Pharmacovigilance Associate II – Remote (UK/EU)
Employer: Worldwide Clinical Trials
Location: United Kingdom | Remote
Salary: Competitive
Start Date: 2 July 2025 | Closing Date: 1 August 2025
Job Summary:
Worldwide Clinical Trials is hiring a Pharmacovigilance Associate II for a fully remote role within the UK/EU region. In this dynamic role, you'll support safety operations by managing serious adverse event (SAE) data, authoring safety plans, and ensuring compliance with global pharmacovigilance regulations. This is a perfect opportunity for those looking to grow in drug safety while contributing to the full lifecycle of clinical drug development.
Key Responsibilities:
Draft Safety Management Plans (SMP) for assigned clinical studies
Attend internal and sponsor/client meetings
Review SAE reports for accuracy and completeness
Perform SAE data entry and maintain tracking logs in safety databases
Query and follow up on missing or unclear adverse event data
Conduct QC of SAE cases processed by team members
Generate regulatory safety reports and manage safety submissions
Prepare periodic safety update reports (PSURs) as needed
Stay updated with evolving pharmacovigilance guidelines and regulatory changes
Required Skills & Qualifications:
Bachelor’s degree in Life Sciences, Nursing, Pharmacy, or a related field
Minimum 1 year of experience in pharmacovigilance within clinical trials (pre-approval)
Strong knowledge of global PV regulations and AE/SAE case management
Familiarity with safety databases and relational data systems
Proficiency in MS Office tools (Excel, Word, PowerPoint)

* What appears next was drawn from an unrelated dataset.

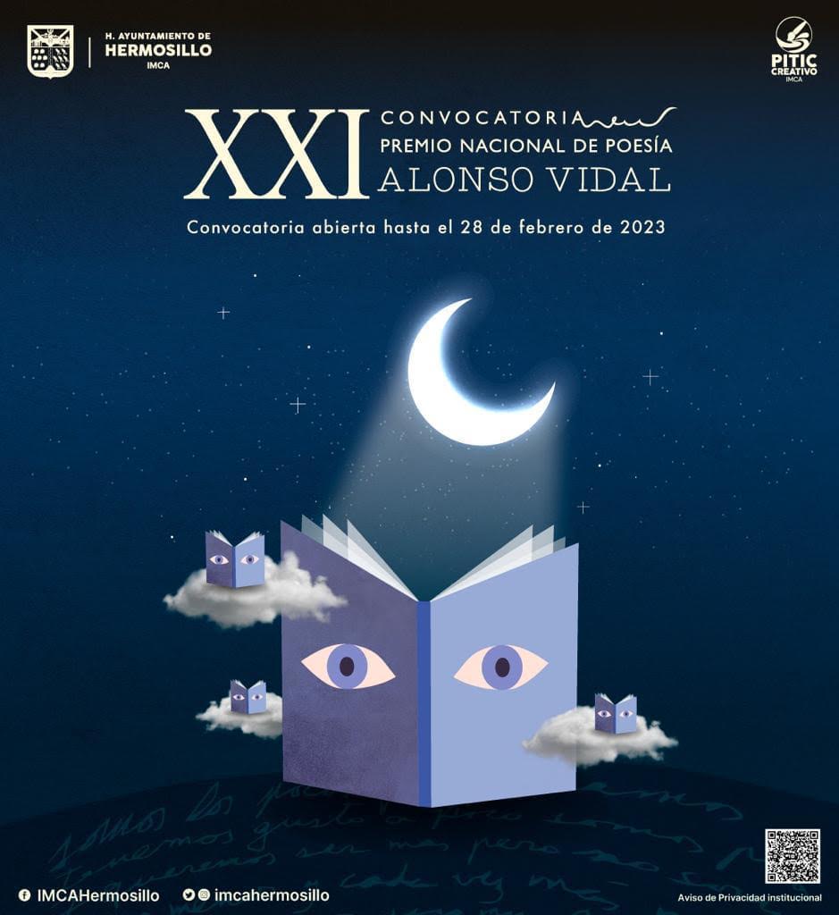 El Instituto Municipal de Cultura y Arte de Hermosillo, convoca al XXI Premio Nacional de Poesía Alonso Vidal que forma parte del programa Pitic Creativo, cuyo cierre de convocatoria es este martes 28 de febrero.

Detail-oriented with strong analytical and problem-solving abilities
Excellent verbal and written communication skills
Proven ability to handle multiple priorities in a fast-paced environment
Perks & Benefits:
Fully remote work model (UK/EU-based)
Competitive compensation package
Inclusive and diverse work culture
Opportunity to contribute to global drug development
Access to cutting-edge clinical research technology
Supportive leadership with growth-focused initiatives
Annual leave, retirement planning options, and healthcare benefits
Company Description:
Worldwide Clinical Trials is a mid-sized global Contract Research Organization (CRO) committed to transforming clinical research through innovation, quality, and excellence. With over 3,500 professionals worldwide, we bring a personalized, high-touch approach to clinical trial execution—especially in drug safety and pharmacovigilance.
Work Mode:
Remote (UK/EU)
Call to Action:
Ready to make a global impact in pharmacovigilance? Apply now to join Worldwide Clinical Trials and shape the future of drug safety while working remotely from anywhere in the UK or EU.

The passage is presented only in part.